This is a correcting process to make the error to a human ear uniform as the influence
of the error on the human ear is different depending on the frequency band.
[0020] The output of weight function unit 211 is input to error power evaluation unit 212
and an error power is evaluated in respective frames.
[0021] A white noise code book 204 has a plurality of samples of residual waveform patterns
(code vectors), and the above series of processes is repeated with regard to all the
samples. A residual waveform pattern whose error power within a frame is minimum is
selected as a residual waveform pattern of the frame.
[0022] As described above, the index of the residual waveform pattern obtained for every
frame as well as LPC parameters from quantizer 202, pitch period m, pitch coefficient
Cp and gain G are transmitted to a receiving station. On the other hand, the receiving
station is not shown, but forms a long-term predictor by transmitted pitch period
m and pitch coefficient Cp as is similar to the above case, and the residual waveform
pattern corresponding to a transmitted index is input to the long-term predictor,
thereby reproducing a residual signal. Further, the transmitted LPC parameters form
a short-term predictor as is similar to the above case, and the reproduced residual
signal is input to the short-term predictor, thereby reproducing an input signal.
[0023] Respective dynamic characteristics of an excitation unit and a vocal tract unit in
a sound producing structure of a human are different, and the respective data quantity
to be transmitted at arbitrary points by the excitation unit and vocal tract unit
are different.
[0024] However, with a conventional speech encoding apparatus as shown in Figs. 1 or 2,
excitation information and vocal tract information are transmitted at a fixed ratio
of data quantity. The above speech characteristics are not utilized. Therefore, when
the transmission rate is low, quantization becomes coarse, thereby increasing noise
and making it difficult to maintain satisfactory speech quality.
[0025] The above problem is explained as follows with regard to the conventional examples
shown in Figs. 1 or 2.
[0026] In a speech signal there exists a period in which characteristics change abruptly
and a period in which the state is constant and the latter value of the prediction
parameters do not change too much. Namely, there are cases where co-relationship between
the prediction parameters (LPC parameters) in continuous frames is strong, and cases
where they are not strong. Conventionally, prediction parameters (LPC parameters)
are transmitted at a constant rate with regard to each frame. Consequently, the characteristics
of the speech signals are not fully utilized. Therefore, the transmission data causes
redundancies and the quality of the reproduced speech in the receiving station is
not sufficient for the amount of transmission data.
[0027] The object of the present invention is to provide a speech encoding-decoding apparatus
with increased quality of the reproduced speech and suppression of redundancy of transmission
information to prevent relatively stable vocal track information from being transmitted.
[0028] This object is solved by a speech encoding apparatus according to claim 1. The object
is further solved by a speech decoding apparatus according to claim 9 for decoding
of a speech signal encoded by the speech encoding apparatus according to claim 1.

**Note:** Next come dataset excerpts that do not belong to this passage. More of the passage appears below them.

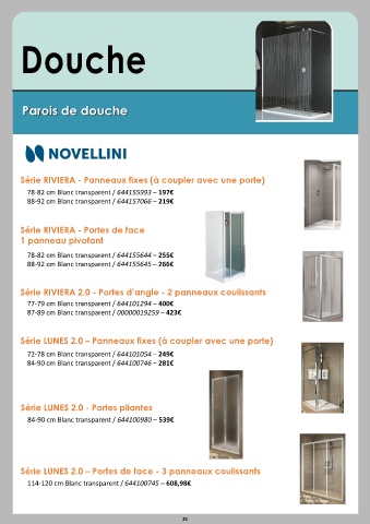 Série RIVIERA - Panneaux fixes (à coupler avec une porte)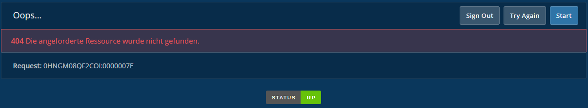 Fehlermeldung „404 Die angeforderte Ressource wurde nicht gefunden.“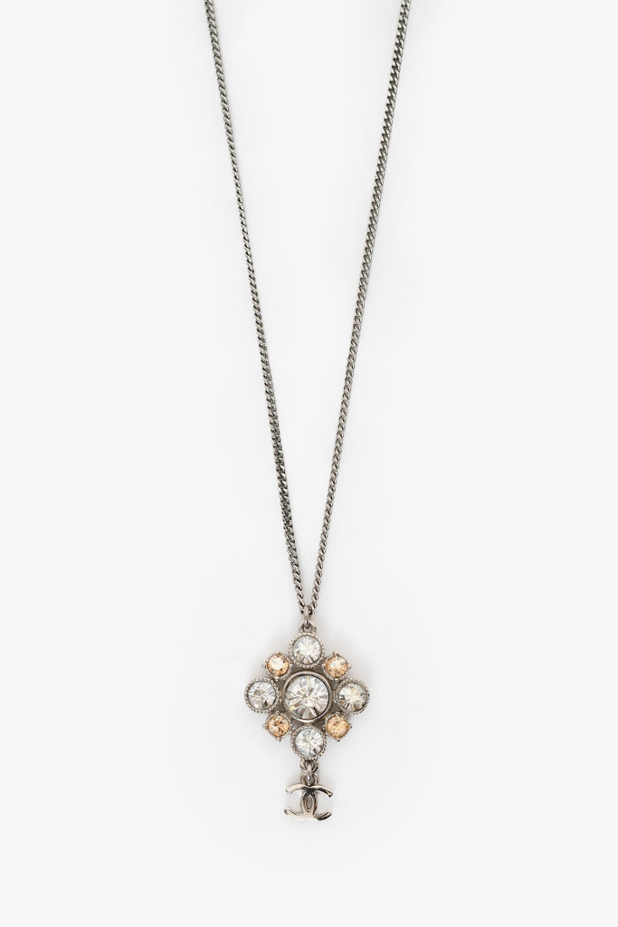 Chanel™ 2012 Silver Toned Crystal Drop CC Pendant Necklace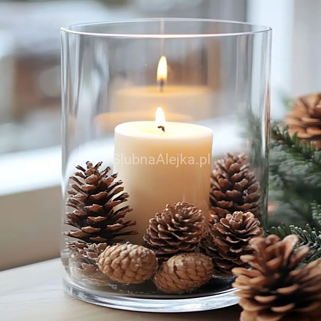 Wazon szklany cylinder szeroki może być wspaniałą ozdobą ślubną zarówno na sali weselnej, jak i w kościele. Elegancko prezentuje się z białymi kwiatami i szeroką wstążką. Dość popularnym trendem jest też topienie w środku sztucznych lub prawdziwych orchidei i uzupełnianie aranżacji ozdobnymi kamieniami. W tej sposób powstaje intrygująca dekoracja, przyciągająca uwagę gości.

[0029] Furthermore, the above object is achieved by a speech encoding apparatus according
to claim 6. The object is further solved by a speech decoding apparatus according
to claim 8 for decoding of the speech signal encoded by a speech encoding apparatus
according to claim 6.
[0030] One advantage of the speech encoding-decoding apparatus is that a mode-switching-type
speech encoding/decoding apparatus is employed for providing a plurality of modes
which depend on the transmission ratio between excitation information and vocal tract
information, and, upon encoding, switching to the mode in which the best reproduction
of speech quality can be made. Thus, the quality of sound can be maintained especially
at lower transmission rates.
[0031] Instead of assigning a lot of bits to excitation information, a suppression of redundancy
of transmission information is possible, to prevent relatively stable vocal track
information from being transmitted. This results in an increased quality of the reproduced
speech.
[0032] Further advantageous embodiments of the present invention can be taken from the dependent
claims.
[0033] In the speech encoding apparatus of the present invention a speech signal is encoded
by separating the characteristics of said speech signal into articulation information
(generally called vocal tract information) representing articulation characteristics
of said speech signal and excitation information representing excitation characteristics
of said speech signal. Articulation characteristics are frequency characteristics
of a voice formed by the human vocal tract and nasal activity, and sometimes refer
to only vocal tract characteristics. Vocal tract information representing vocal tract
characteristics comprise LPC-parameters obtained by forming a linear prediction analysis
of a speech signal. Excitation information comprises, for example, a residual signal.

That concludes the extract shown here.